Correlation Between Disney and PEPSICO

Specify exactly 2 symbols:
Can any of the company-specific risk be diversified away by investing in both Disney and PEPSICO at the same time? Although using a correlation coefficient on its own may not help to predict future stock returns, this module helps to understand the diversifiable risk of combining Disney and PEPSICO into the same portfolio, which is an essential part of the fundamental portfolio management process.
By analyzing existing cross correlation between Walt Disney and PEPSICO INC, you can compare the effects of market volatilities on Disney and PEPSICO and check how they will diversify away market risk if combined in the same portfolio for a given time horizon. You can also utilize pair trading strategies of matching a long position in Disney with a short position of PEPSICO. Check out your portfolio center. Please also check ongoing floating volatility patterns of Disney and PEPSICO.
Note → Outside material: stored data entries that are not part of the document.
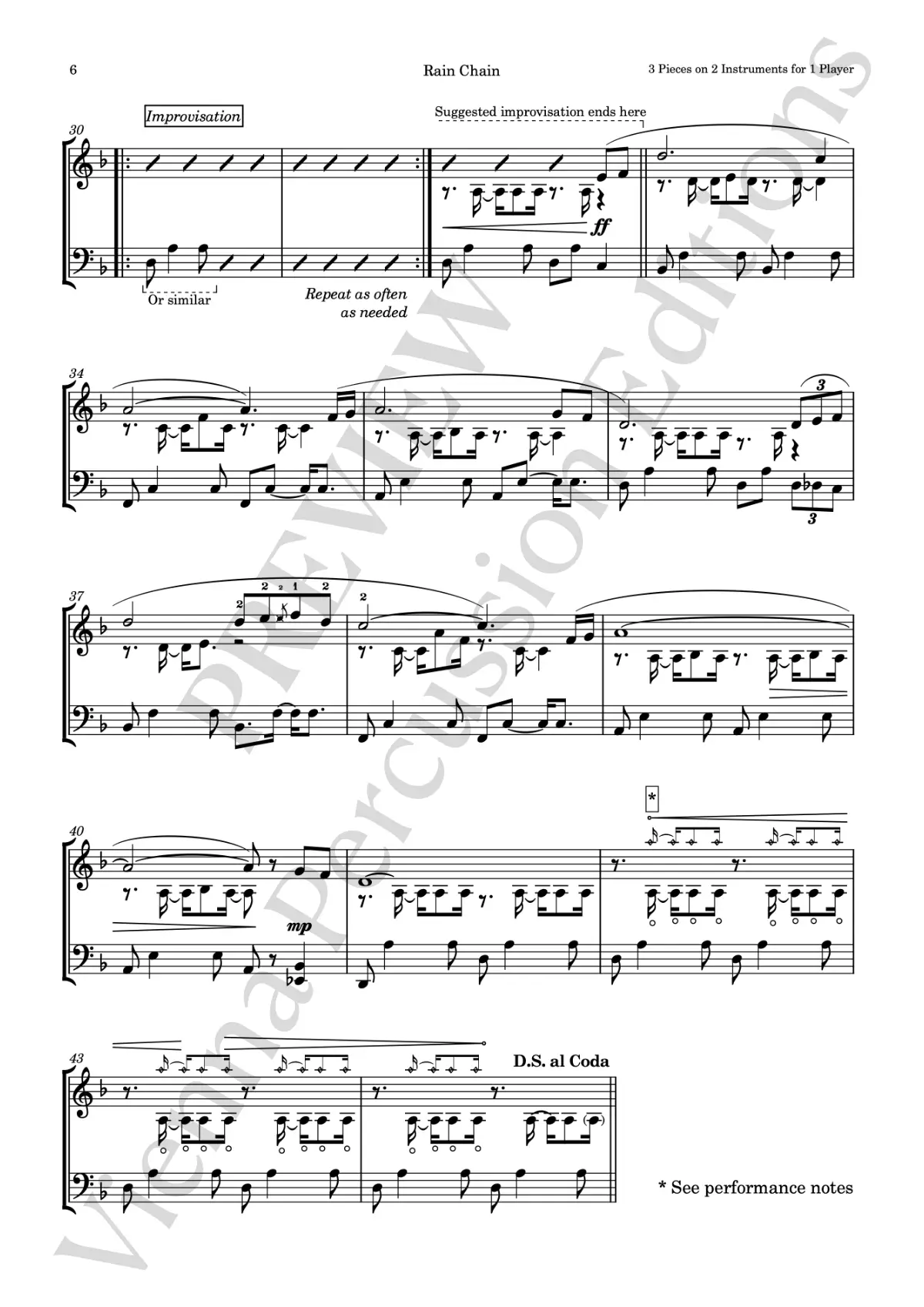 The notation reflects this balance: precise where necessary, open where musical flexibility is essential. The collection is intended both as a concert work and as an exploration of extended performance practice, offering a distinctive approach to solo mallet playing that is idiomatic, challenging, and musically direct.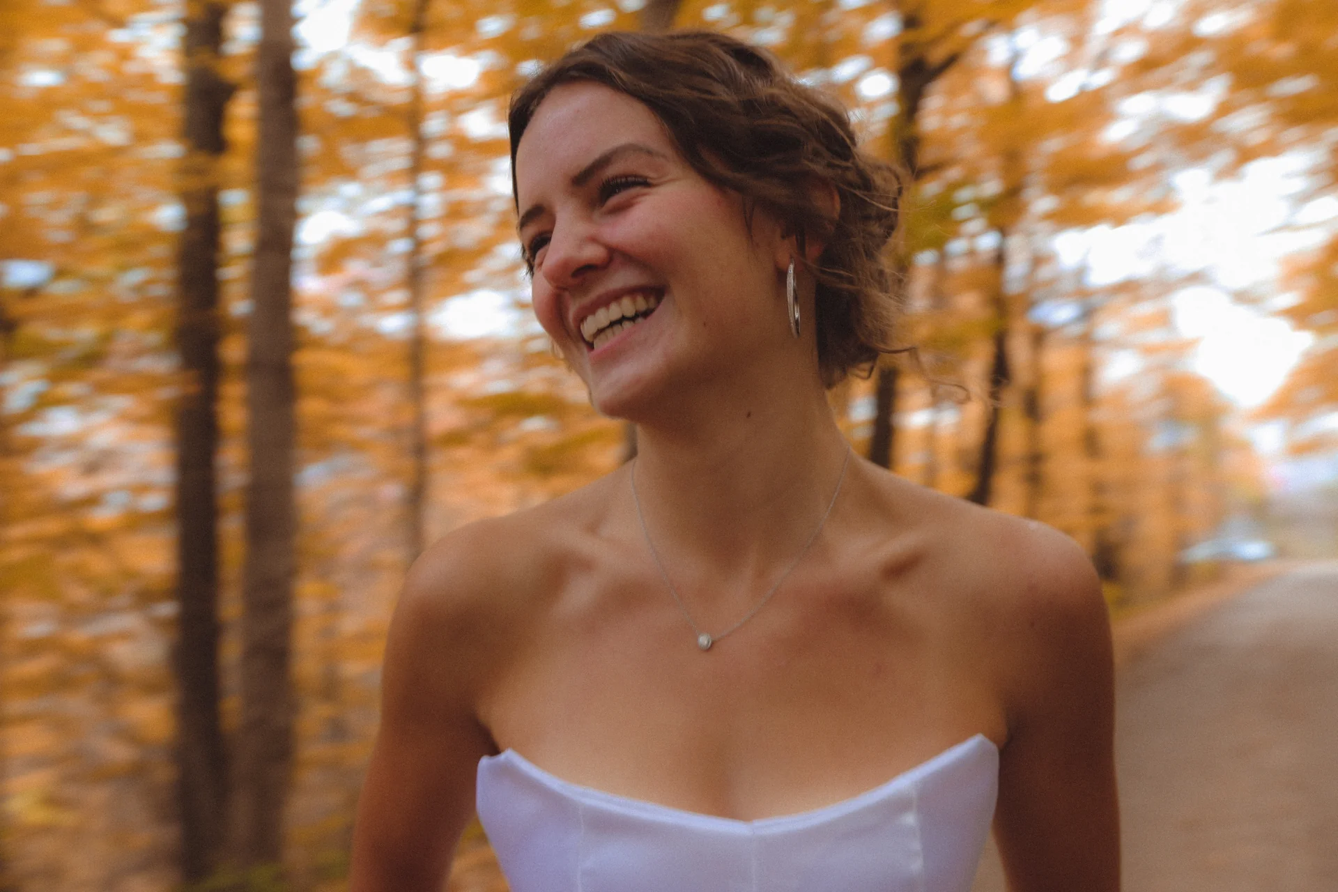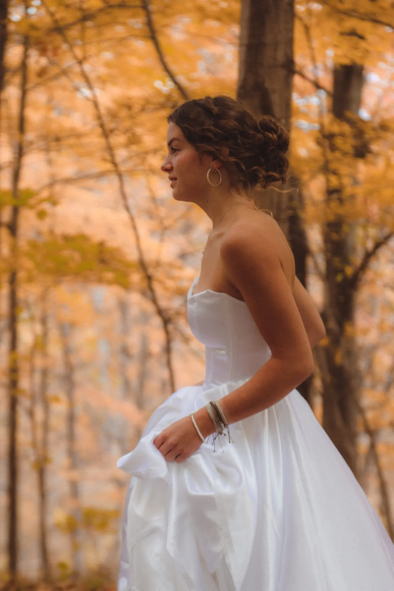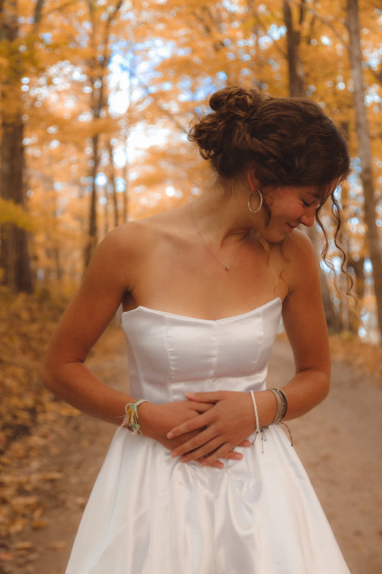 Perfect for a fairytale wedding, this timeless A-line gown was crafted with a beautiful, pure white satin. The front of the skirt is decorated with four ornate layers made to move and dance as the elegant train paints a picture of graceful beauty. The cat eye neckline and V shaped boning accentuates the bride's natural features, capturing a story of ageless beauty as the bride prepares to walk the aisle.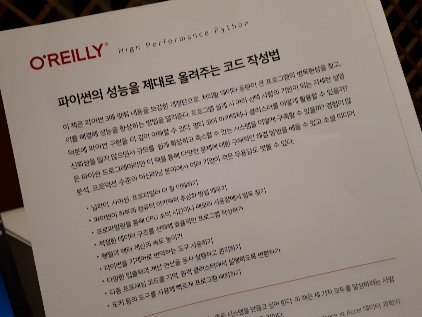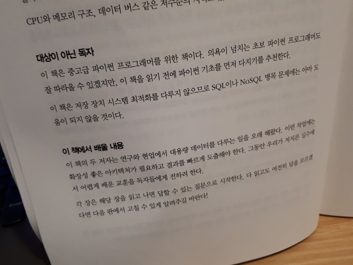 솔직히 지금 저의 수준에서는 이해하기 어려운 부분이 더 많습니다. 파이썬에 대한 기초적인 수준의 코딩으로도 충분하다면 굳이 필요없는 책일 수는 있지만 보다 전문적인 코딩, 성능 개선까지도 중요한 기준으로 가지고 계신 분이라면 충분히 도움이 되는 책인 것 같습니다.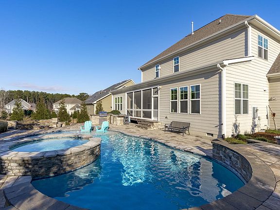 Live in Luxury in the Heart of Apex! Spacious 3,384 sqft. 4BR/3.5BA home with 3 car garage. Gourmet chef's kitchen w/stunning granite tops, wall ovens & gas range top. First floor owner's suite with walk-in closet & spa bath. Large bonus room & walk in storage area. Bedroom 2 upstairs has private full bath. Entertain in style at the saltwater pool, outdoor fire pit & grill areas, or relax on the private screened porch. Landscape lighting and fenced rear yard with garden areas. Make this one yours today!

Diversification Opportunities for Disney and PEPSICO

-0.48
  Correlation Coefficient

Very good diversification

The 3 months correlation between Disney and PEPSICO is -0.48. Overlapping area represents the amount of risk that can be diversified away by holding Walt Disney and PEPSICO INC in the same portfolio, assuming nothing else is changed. The correlation between historical prices or returns on PEPSICO INC and Disney is a relative statistical measure of the degree to which these equity instruments tend to move together. The correlation coefficient measures the extent to which returns on Walt Disney are associated (or correlated) with PEPSICO. Values of the correlation coefficient range from -1 to +1, where. The correlation of zero (0) is possible when the price movement of PEPSICO INC has no effect on the direction of Disney i.e., Disney and PEPSICO go up and down completely randomly.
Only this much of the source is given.